Der Turbinenhersteller Nordex Group meldete für das zweite Quartal 2026 eine deutlich verbesserte Profitabilität, mit stark gestiegenem Auftragseingang und positivem Freien Cashflow. Das Unternehmen bestätigte seine Jahresprognose.
Der Umsatz stieg um 16,3 Prozent gegenüber dem Vorjahr auf rund 2,2 Mrd. Euro. Das EBITDA hat sich auf 223,8 Mio. Euro mehr als verdoppelt (Vorjahr: 108,2 Mio. Euro) und hob die EBITDA-Marge auf 10,3 Prozent von 5,8 Prozent. Der Jahresüberschuss kletterte auf 111,5 Mio. Euro nach 31,0 Mio. Euro im Vorjahresquartal, der Freie Cashflow erreichte 165 Mio. Euro.
Der Auftragseingang im Segment Projekte stieg um 32,2 Prozent auf 3.054 MW aus zehn Ländern, bei stabilem durchschnittlichem Verkaufspreis von 0,97 Mio. Euro pro MW. Zum Ende Juni belief sich der Auftragsbestand auf 18,4 Mrd. Euro nach 14,3 Mrd. Euro ein Jahr zuvor. „Die Ergebnisse zeigen die Fortschritte bei der Umsetzung unserer Projekte und der Verbesserung unserer Profitabilität”, sagte Vorstandschef José Luis Blanco und betonte den Fokus auf das mittelfristige Margenziel.
Im Quartal installierte Nordex 1.168 MW in 15 Ländern, davon 87 Prozent in Europa.

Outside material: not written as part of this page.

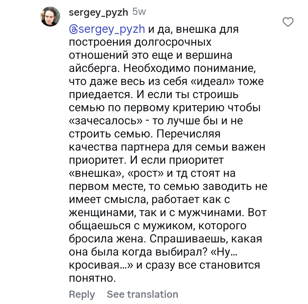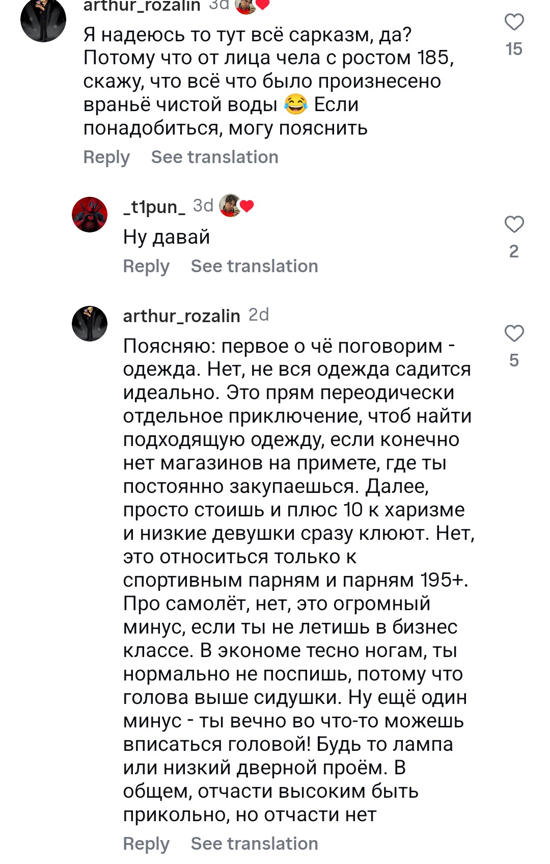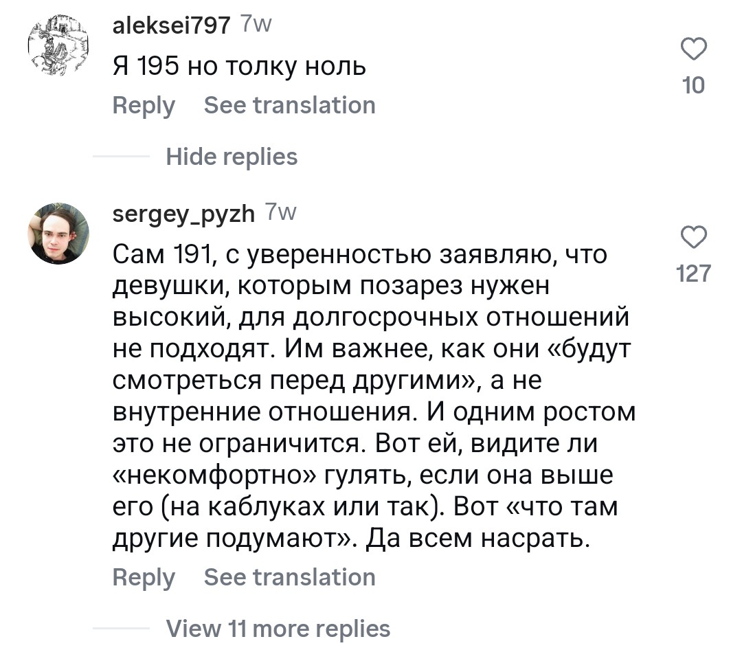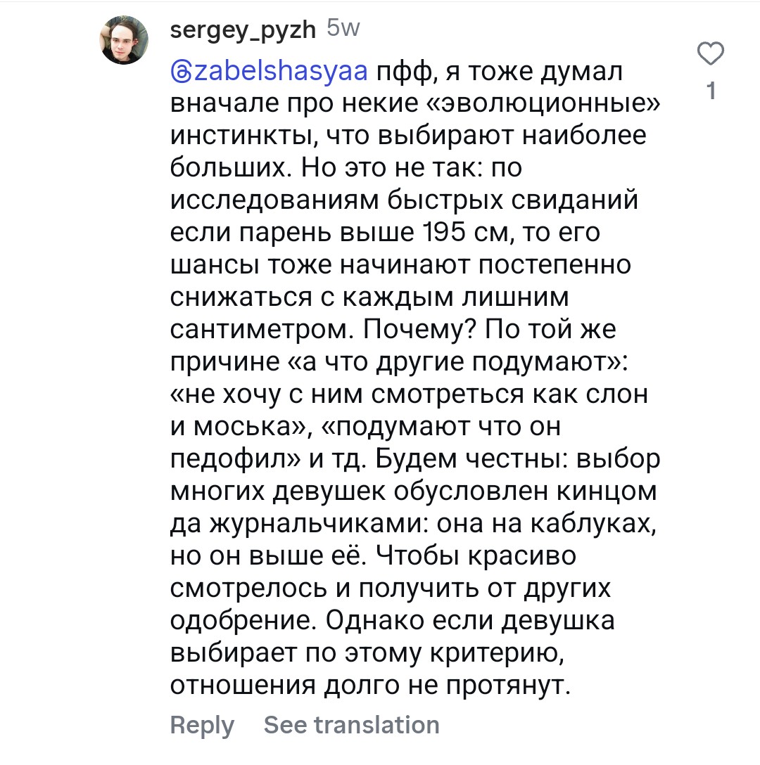 Во-вторых, фраза про «деньги, статус и хуй с ебалом — это дополнения к рослому мужчине» звучит так, будто рост — это база, а всё остальное вторично. Но ты же понимаешь, что если у чела нет характера, мозгов и личности, то рост ему не поможет? Он просто будет высоким статистом, на фоне которого другие пацаны будут выглядеть интереснее.

Für den Ostsee- und den breiteren europäischen Markt deuten die Rückkehr zu zweistelligen Margen und ein wachsender Auftragsbestand auf eine Lieferkette hin, die nach mehreren mageren Jahren finanziell wieder Tritt fasst — eine Voraussetzung für den Onshore- und Offshore-Ausbau der Region.